- [TASK REQUIREMENTS]
Although the data below contains pictures, output only the lines between those holding "Опорные конструкции высотой" and "3、如果提现金额未达到提现方", inclusive, exactly and without those pictures.

------ EXERCISE DATA ------

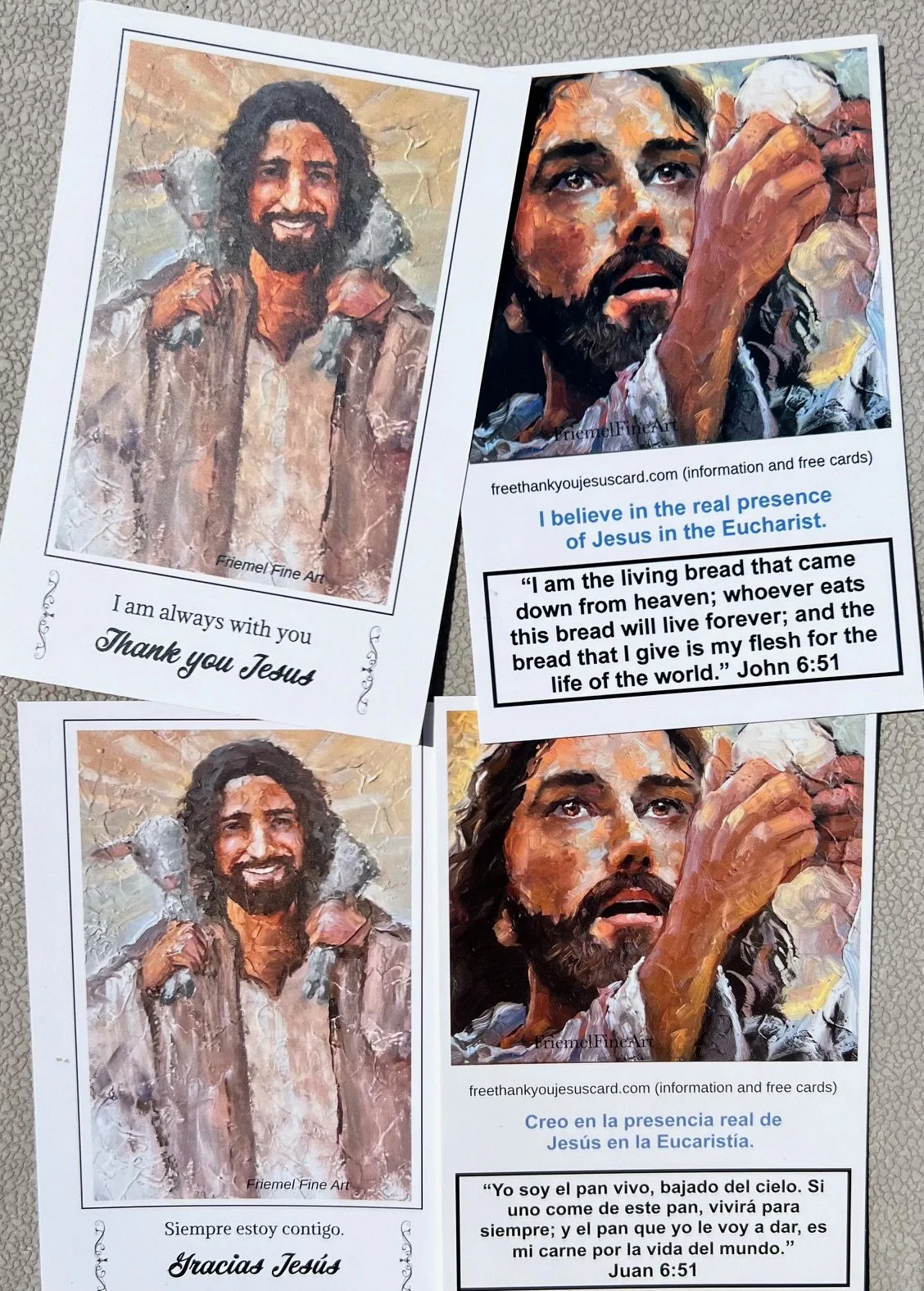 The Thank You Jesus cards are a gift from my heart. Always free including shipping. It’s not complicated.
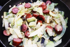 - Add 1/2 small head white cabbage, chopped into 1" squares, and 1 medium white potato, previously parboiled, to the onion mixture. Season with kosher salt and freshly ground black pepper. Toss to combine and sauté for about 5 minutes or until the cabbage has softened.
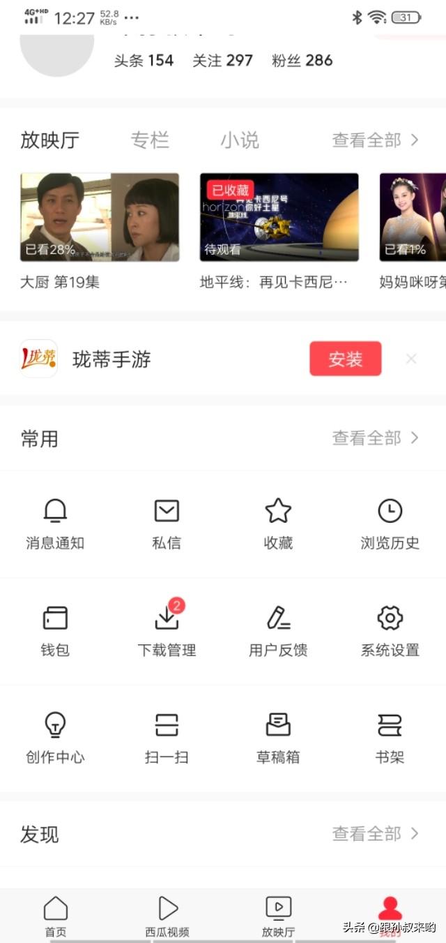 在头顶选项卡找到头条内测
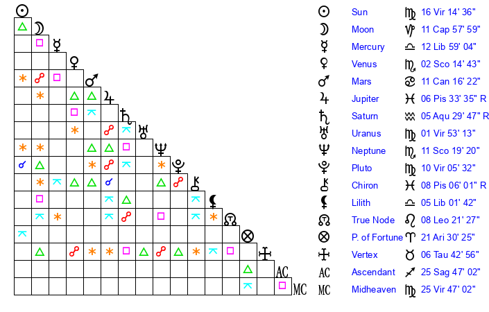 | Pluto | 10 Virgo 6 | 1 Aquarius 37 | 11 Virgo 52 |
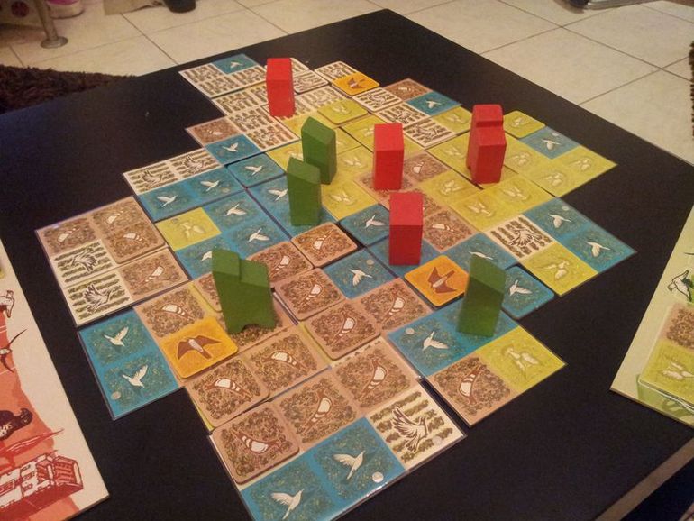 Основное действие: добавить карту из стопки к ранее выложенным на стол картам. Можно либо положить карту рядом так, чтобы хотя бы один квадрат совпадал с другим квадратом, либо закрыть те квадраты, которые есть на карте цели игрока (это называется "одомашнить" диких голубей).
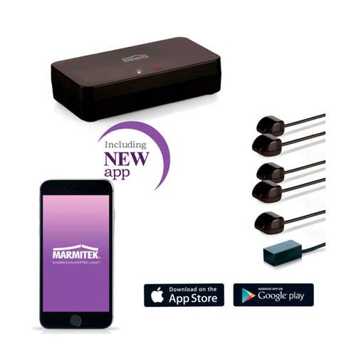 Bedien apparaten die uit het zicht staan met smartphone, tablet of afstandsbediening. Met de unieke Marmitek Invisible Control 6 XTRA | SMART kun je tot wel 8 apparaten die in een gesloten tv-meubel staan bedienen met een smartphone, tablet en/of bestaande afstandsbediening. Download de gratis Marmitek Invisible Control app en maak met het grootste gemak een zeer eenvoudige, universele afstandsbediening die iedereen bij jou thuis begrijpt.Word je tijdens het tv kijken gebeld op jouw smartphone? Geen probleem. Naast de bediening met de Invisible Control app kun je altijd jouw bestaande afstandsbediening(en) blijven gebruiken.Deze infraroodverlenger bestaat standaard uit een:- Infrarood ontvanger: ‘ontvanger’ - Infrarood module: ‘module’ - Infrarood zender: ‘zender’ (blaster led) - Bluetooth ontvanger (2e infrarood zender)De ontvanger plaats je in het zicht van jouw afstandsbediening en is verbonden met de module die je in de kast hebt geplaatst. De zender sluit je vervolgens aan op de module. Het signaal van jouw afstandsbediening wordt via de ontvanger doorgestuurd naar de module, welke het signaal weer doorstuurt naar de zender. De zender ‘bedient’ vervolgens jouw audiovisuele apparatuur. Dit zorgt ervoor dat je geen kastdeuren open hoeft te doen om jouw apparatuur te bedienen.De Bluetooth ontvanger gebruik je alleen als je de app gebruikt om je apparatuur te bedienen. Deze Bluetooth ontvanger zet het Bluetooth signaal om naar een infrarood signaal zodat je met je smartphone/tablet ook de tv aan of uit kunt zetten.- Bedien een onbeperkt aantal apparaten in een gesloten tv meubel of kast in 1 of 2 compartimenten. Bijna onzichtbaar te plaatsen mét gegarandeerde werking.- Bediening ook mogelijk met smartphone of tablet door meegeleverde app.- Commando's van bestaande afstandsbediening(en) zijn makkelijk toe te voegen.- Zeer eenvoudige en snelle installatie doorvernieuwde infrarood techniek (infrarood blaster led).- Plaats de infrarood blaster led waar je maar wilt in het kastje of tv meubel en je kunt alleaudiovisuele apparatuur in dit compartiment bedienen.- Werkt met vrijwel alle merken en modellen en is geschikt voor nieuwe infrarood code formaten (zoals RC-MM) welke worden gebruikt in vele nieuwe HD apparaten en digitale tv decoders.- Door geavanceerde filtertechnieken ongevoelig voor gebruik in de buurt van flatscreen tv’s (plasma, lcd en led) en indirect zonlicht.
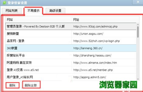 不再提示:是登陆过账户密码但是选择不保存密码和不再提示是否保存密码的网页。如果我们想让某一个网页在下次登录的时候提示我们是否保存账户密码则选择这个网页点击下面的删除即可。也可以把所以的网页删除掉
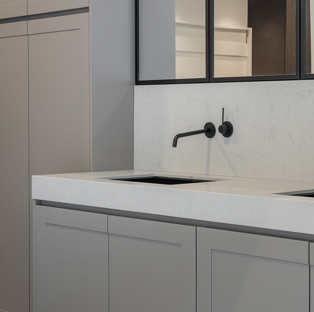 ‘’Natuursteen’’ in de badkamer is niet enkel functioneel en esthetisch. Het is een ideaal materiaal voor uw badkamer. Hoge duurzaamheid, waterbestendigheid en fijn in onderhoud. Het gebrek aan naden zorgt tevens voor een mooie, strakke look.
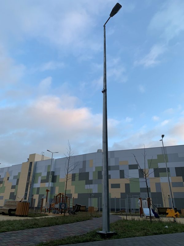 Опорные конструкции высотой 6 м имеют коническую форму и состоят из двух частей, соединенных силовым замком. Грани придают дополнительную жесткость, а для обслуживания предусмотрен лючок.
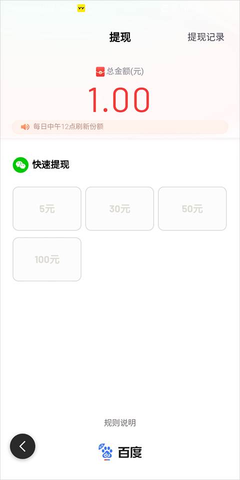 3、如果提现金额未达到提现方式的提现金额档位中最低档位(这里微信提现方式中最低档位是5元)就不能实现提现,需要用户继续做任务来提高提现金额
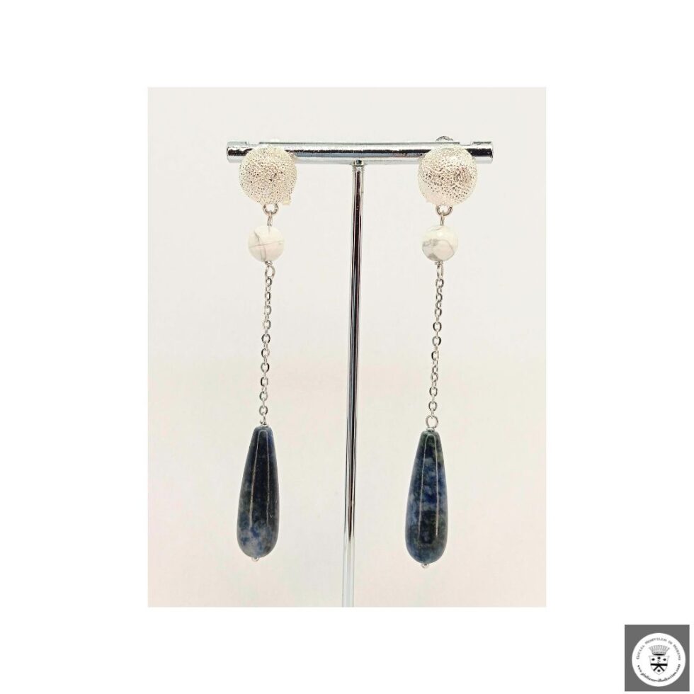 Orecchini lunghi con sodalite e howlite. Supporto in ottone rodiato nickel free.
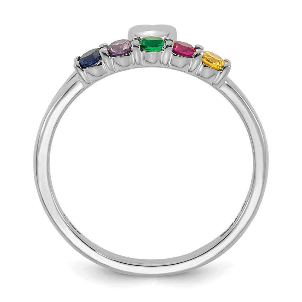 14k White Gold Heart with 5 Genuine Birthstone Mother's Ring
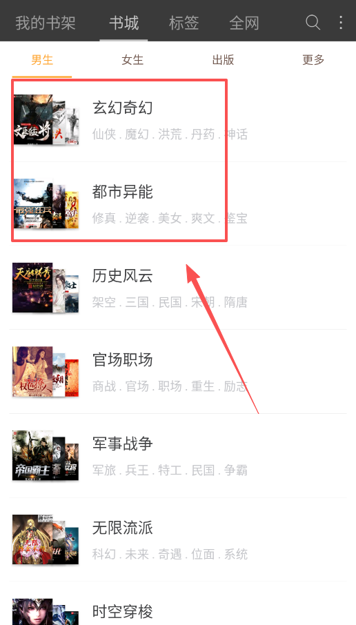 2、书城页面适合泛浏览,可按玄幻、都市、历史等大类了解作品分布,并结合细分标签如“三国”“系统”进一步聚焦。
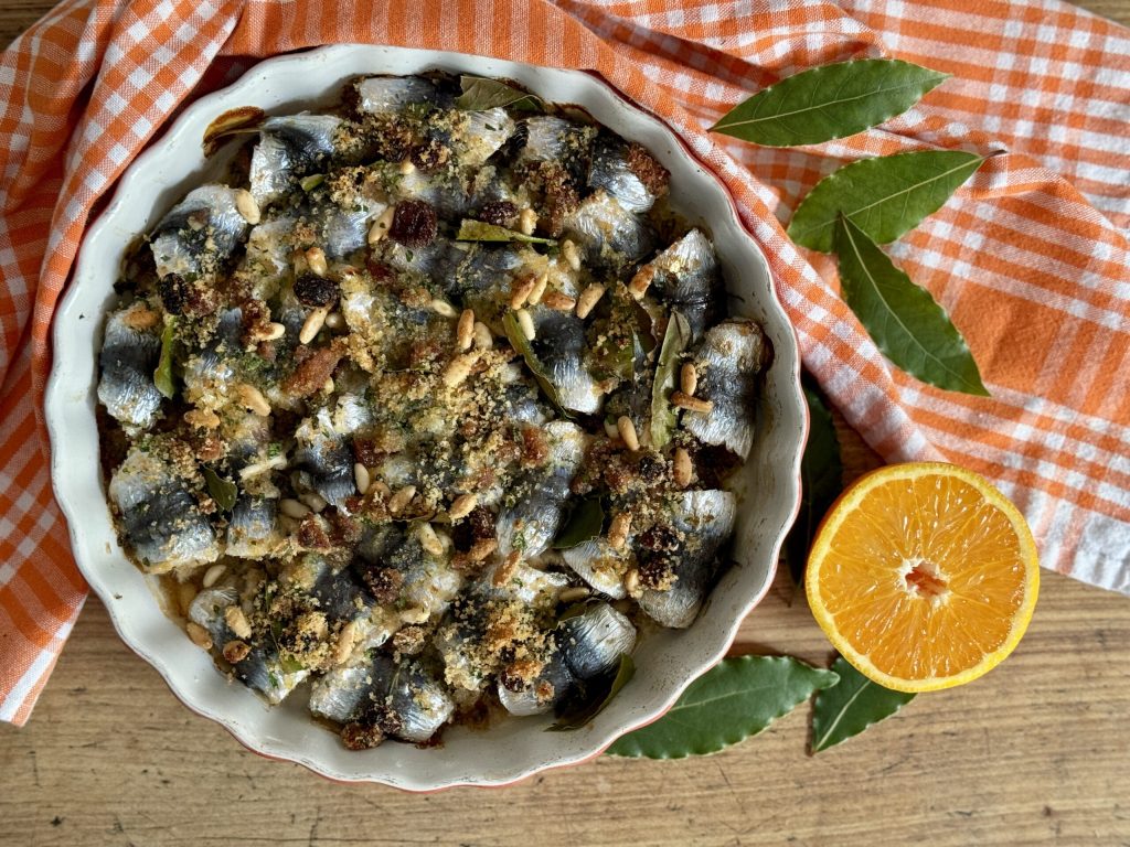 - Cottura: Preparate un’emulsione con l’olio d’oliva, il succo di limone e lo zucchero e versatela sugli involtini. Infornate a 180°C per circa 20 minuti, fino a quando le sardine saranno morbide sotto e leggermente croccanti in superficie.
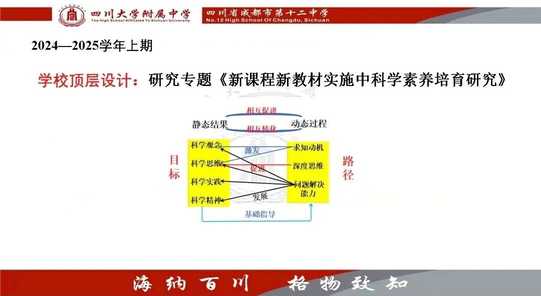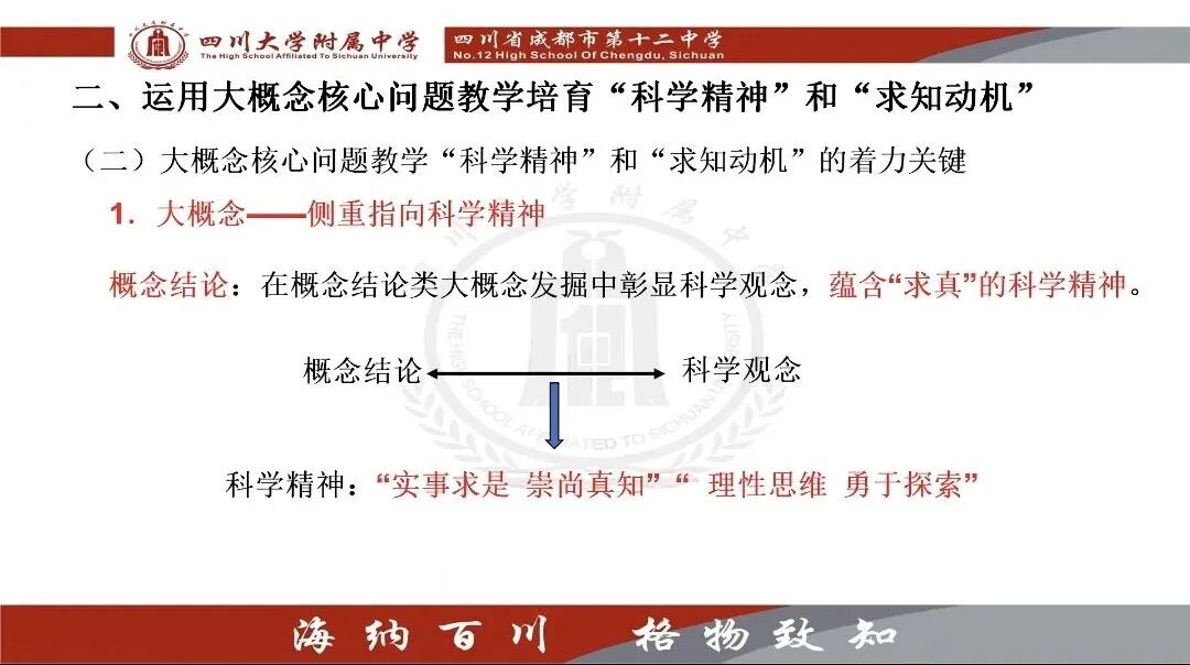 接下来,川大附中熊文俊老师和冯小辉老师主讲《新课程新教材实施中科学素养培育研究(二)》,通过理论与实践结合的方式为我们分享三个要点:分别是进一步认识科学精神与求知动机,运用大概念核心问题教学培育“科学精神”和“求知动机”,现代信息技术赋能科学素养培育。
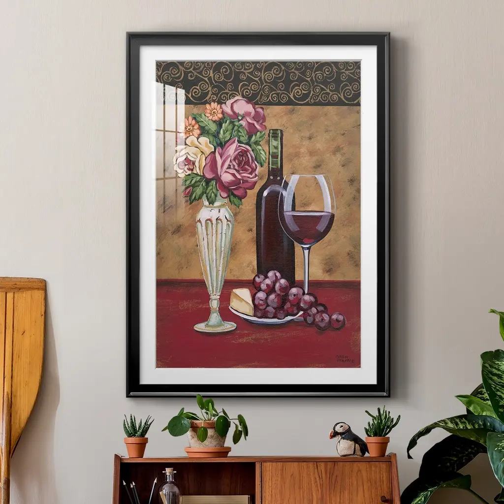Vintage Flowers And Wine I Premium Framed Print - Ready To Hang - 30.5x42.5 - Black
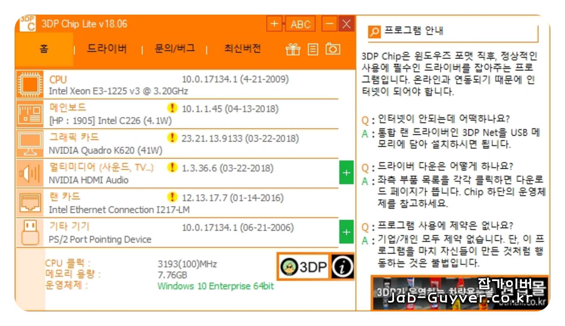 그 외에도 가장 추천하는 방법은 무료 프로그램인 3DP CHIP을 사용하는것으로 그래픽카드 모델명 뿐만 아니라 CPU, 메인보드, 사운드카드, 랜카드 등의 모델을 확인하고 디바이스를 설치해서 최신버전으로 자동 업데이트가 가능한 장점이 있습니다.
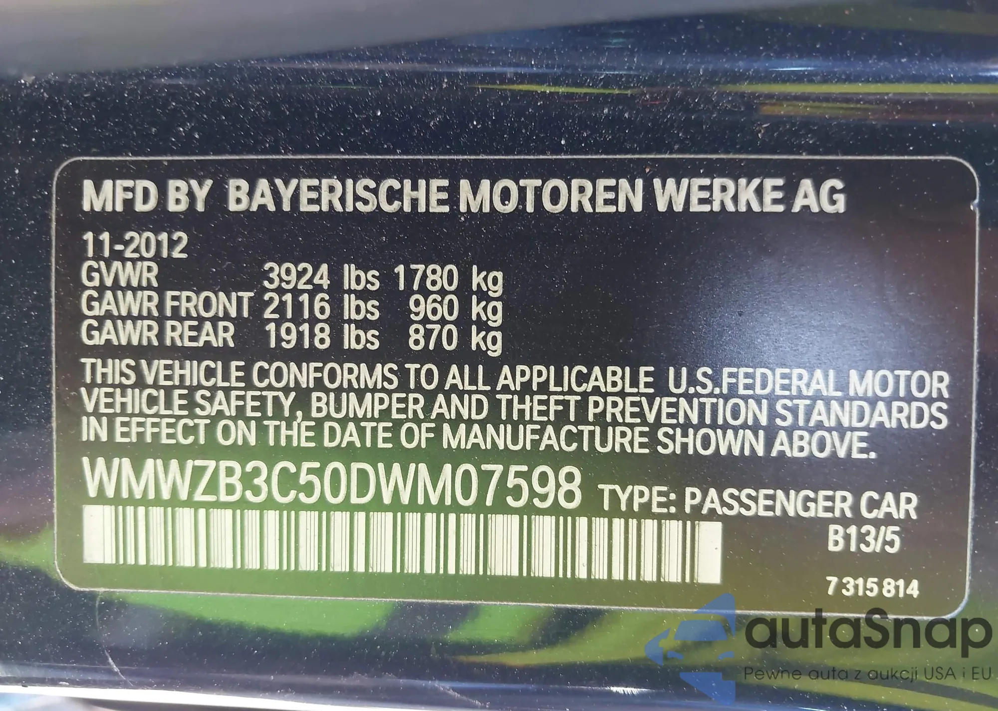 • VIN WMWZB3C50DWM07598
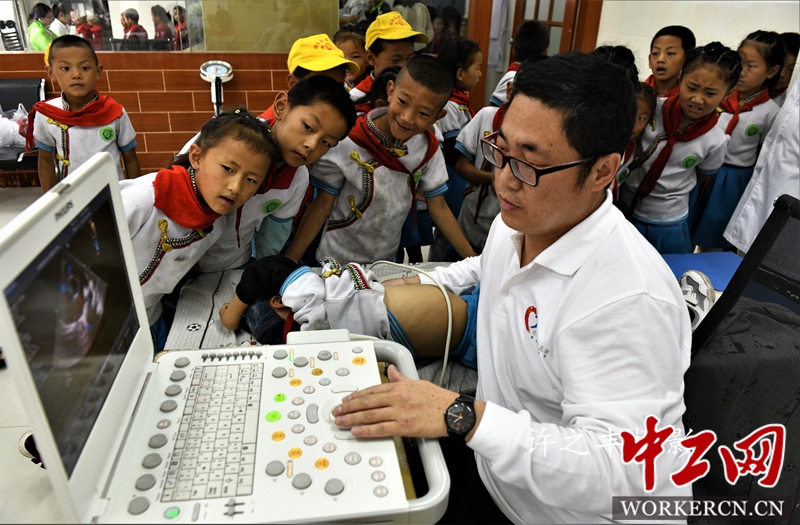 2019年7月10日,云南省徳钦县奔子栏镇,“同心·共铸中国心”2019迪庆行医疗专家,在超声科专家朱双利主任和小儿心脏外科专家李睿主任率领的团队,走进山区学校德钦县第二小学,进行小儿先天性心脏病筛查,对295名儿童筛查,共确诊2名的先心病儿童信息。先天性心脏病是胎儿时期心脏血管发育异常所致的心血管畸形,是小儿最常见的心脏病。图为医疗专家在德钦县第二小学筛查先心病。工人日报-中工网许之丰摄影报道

------

- [ANSWER TO THIS PROBLEM]
 Опорные конструкции высотой 6 м имеют коническую форму и состоят из двух частей, соединенных силовым замком. Грани придают дополнительную жесткость, а для обслуживания предусмотрен лючок.
 3、如果提现金额未达到提现方式的提现金额档位中最低档位(这里微信提现方式中最低档位是5元)就不能实现提现,需要用户继续做任务来提高提现金额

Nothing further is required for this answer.